UniCredit Private Banking (Unicredit PB) et Amundi ont lancé un Eltif (fonds d’investissement de long terme dans le non-coté) qui pourra être souscrit entre le 17 mars et le 14 avril par la clientèle d’UniCredit PB, rapporte Plus, le supplément hebdomadaire d’Il Sole 24 Ore dédié au patrimoine. Amundi Eltif Leveraged Loans Europe est conçu et géré par Amundi. Il est principalement investi dans des prêts à effet de levier. Le portefeuille se compose de 50 à 60 lignes sélectionnées sur le marché primaire ou secondaire.

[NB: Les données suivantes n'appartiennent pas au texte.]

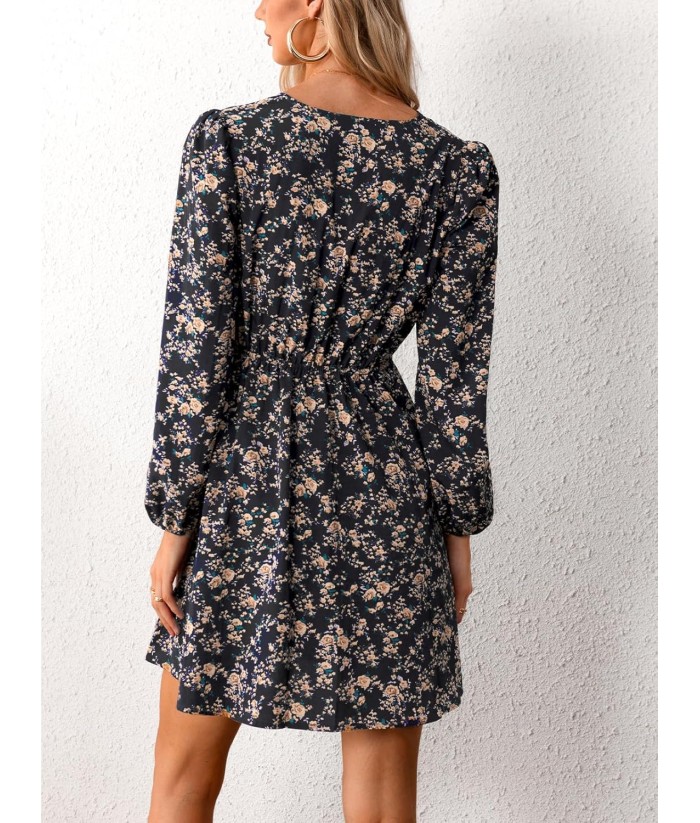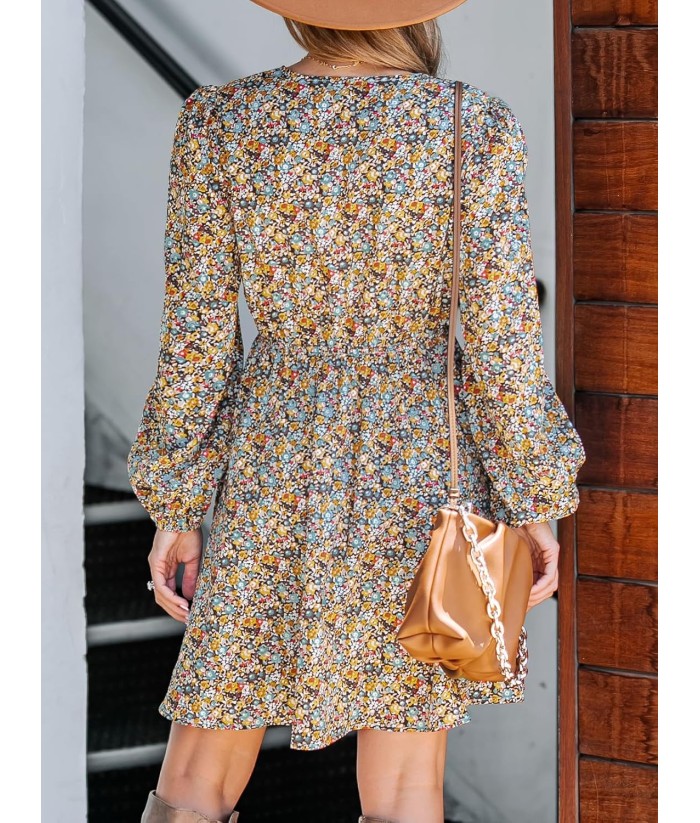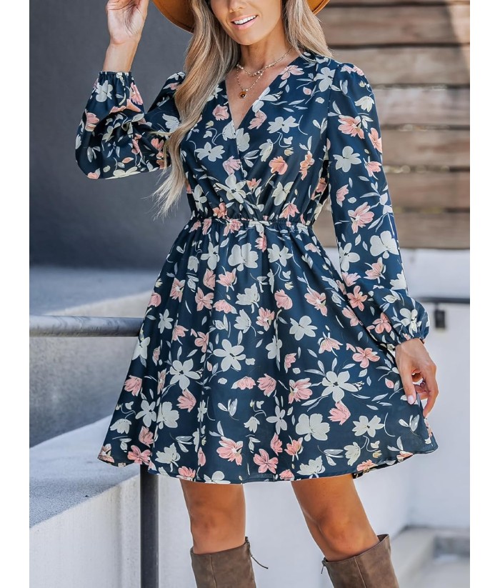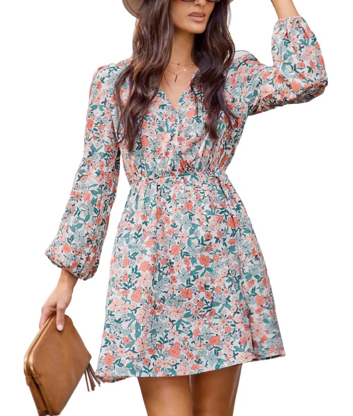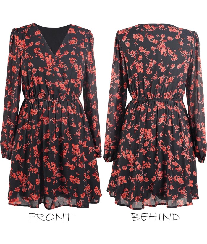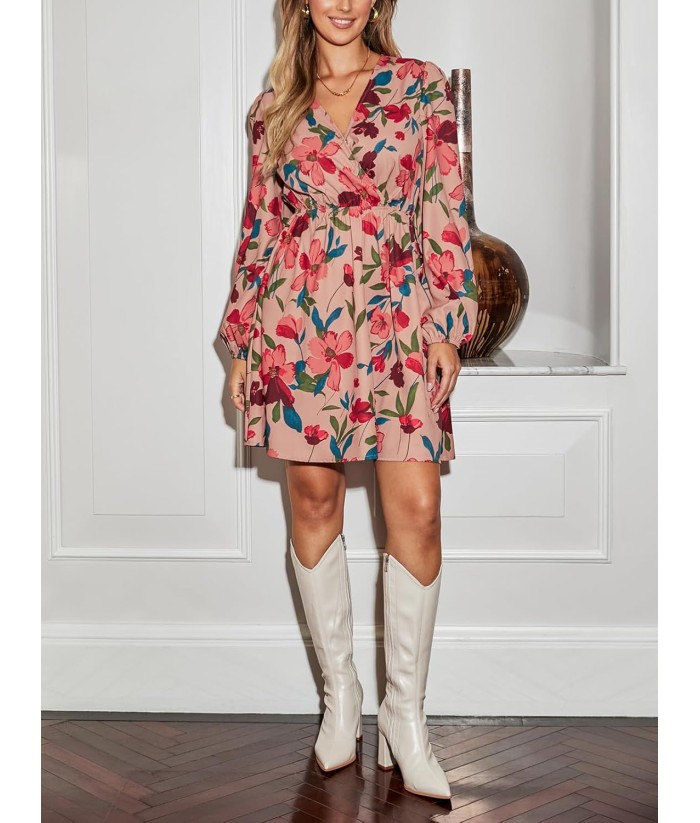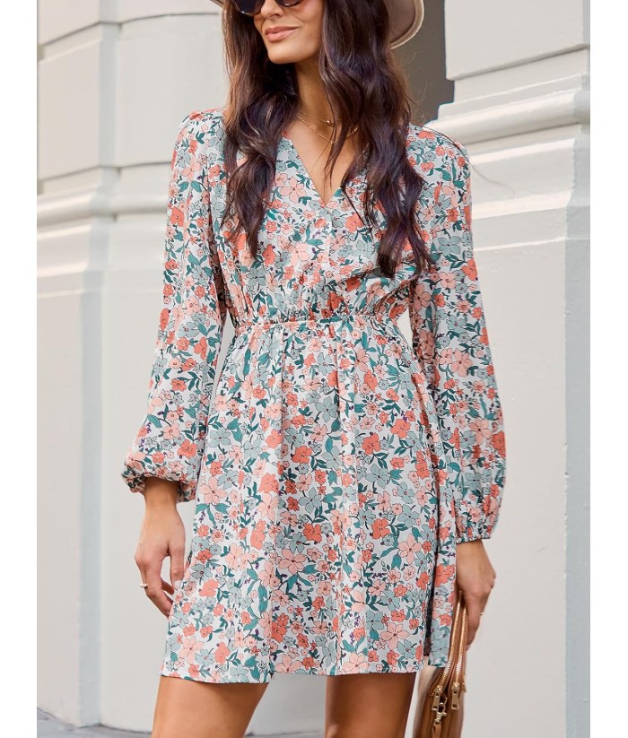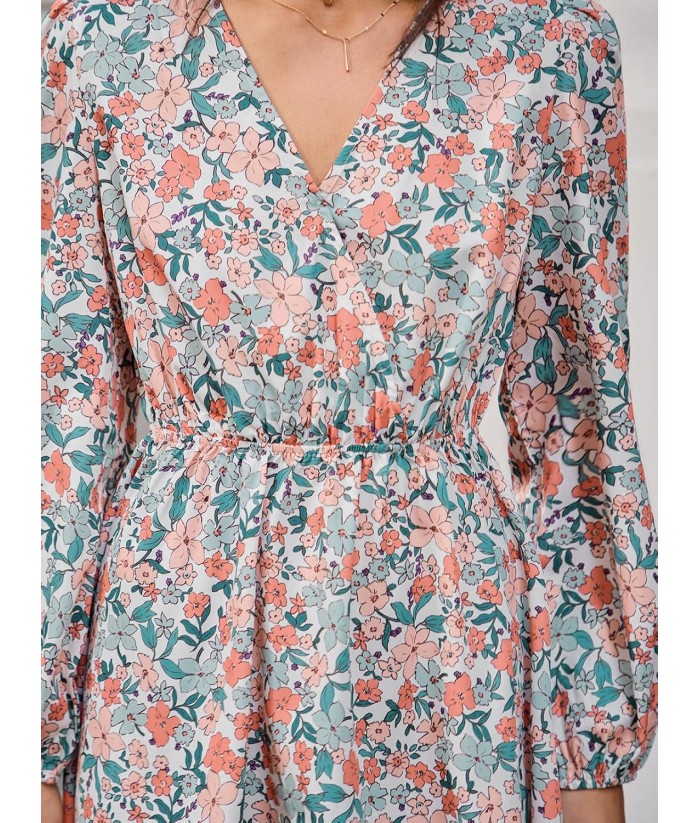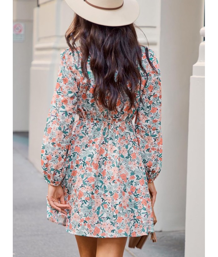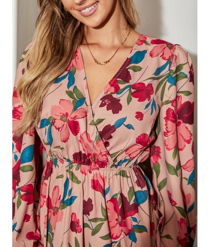 CUPSHE Women Floral Ruffle Summer Dress Surplice V Neck Long Peasant Sleeve Elastic Waist Flowy Casual Holiday Mini Dress

Les family offices ont réduit leur exposition aux hedge funds en 2019, l’allocation revenant de 28% en 2018 à 22,4% l’an dernier, selon la dernière étude publiée parPeltz International, rapporte le site spécialisé Opalesque. Au total, les family offices ont réduit leurs allocations aux investissements alternatifs alors qu’ils ont augmenté les poches dédiées aux actions et à l’obligataire. Les family offices ont investi en priorité dans les actions des pays développés, à hauteur de 30%, devant l’alternatif (25%), l’obligataire des pays développés (14%), les obligations émergentes (7%), le monétaire (7%) et les actions des pays émergents (5%). Dans l’espace alternatif, l’allocation la plus importante revient à l’immobilier, à hauteur de 30%, devant le private equity en direct (25%), les hedge funds (22%), les fonds de private equity (19%), les REIT (3%), et les matières premières (1%). Parmi les évolutions possibles dans le secteur des family offices, 83% des participants au sondage prévoient une augmentation significative des multi-family offices alors qu’ils sont seulement 61% à envisager une tendance similaire du côté du single-family offices. Les family offices envisagent par ailleurs d’investir en priorité dans les technologies (76%), devant l’ESG (72%), les co-investissements (68%), l’alternatif (48%) et les start-up (38%).